#### INPUT MATERIAL
- Opening Delimiter -

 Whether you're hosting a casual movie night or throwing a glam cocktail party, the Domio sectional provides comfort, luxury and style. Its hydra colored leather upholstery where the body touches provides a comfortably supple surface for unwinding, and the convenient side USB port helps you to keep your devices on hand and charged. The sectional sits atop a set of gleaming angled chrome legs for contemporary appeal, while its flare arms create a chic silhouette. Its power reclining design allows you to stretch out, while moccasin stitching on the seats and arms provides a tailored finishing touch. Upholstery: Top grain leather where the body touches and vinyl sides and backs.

- Closing Delimiter -
- Opening Delimiter -

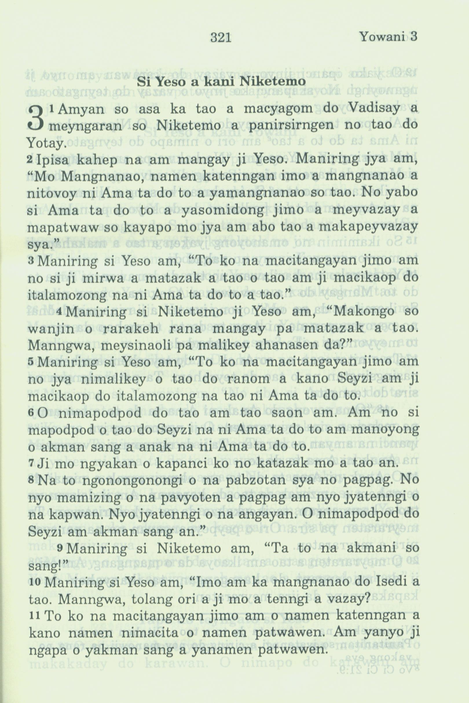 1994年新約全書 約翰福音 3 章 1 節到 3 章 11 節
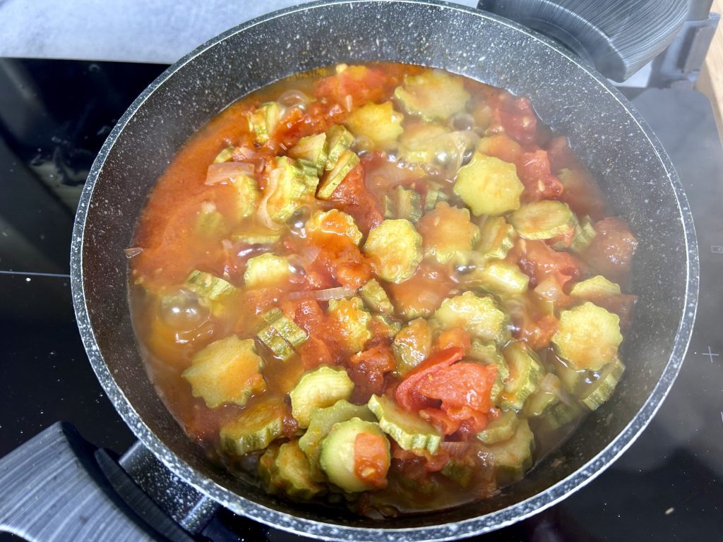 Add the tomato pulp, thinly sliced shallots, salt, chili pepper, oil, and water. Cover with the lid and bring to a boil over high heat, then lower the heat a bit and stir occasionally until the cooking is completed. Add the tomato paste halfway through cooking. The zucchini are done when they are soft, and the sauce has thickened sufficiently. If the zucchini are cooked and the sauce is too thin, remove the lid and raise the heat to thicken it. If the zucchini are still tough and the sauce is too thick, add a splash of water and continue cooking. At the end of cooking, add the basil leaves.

- Closing Delimiter -
- Opening Delimiter -

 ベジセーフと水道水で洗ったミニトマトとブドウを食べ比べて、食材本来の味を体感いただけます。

- Closing Delimiter -

#### TASK TO CARRY OUT
All lines above from the one containing "1994年新約全書 約翰福音 3 章 1 節到 3 章 11 節" up to and including the one containing "Add the tomato pulp, thinly" are to be set down exactly, and nothing else. Leave images out.

#### TASK RESULT
 1994年新約全書 約翰福音 3 章 1 節到 3 章 11 節
 Add the tomato pulp, thinly sliced shallots, salt, chili pepper, oil, and water. Cover with the lid and bring to a boil over high heat, then lower the heat a bit and stir occasionally until the cooking is completed. Add the tomato paste halfway through cooking. The zucchini are done when they are soft, and the sauce has thickened sufficiently. If the zucchini are cooked and the sauce is too thin, remove the lid and raise the heat to thicken it. If the zucchini are still tough and the sauce is too thick, add a splash of water and continue cooking. At the end of cooking, add the basil leaves.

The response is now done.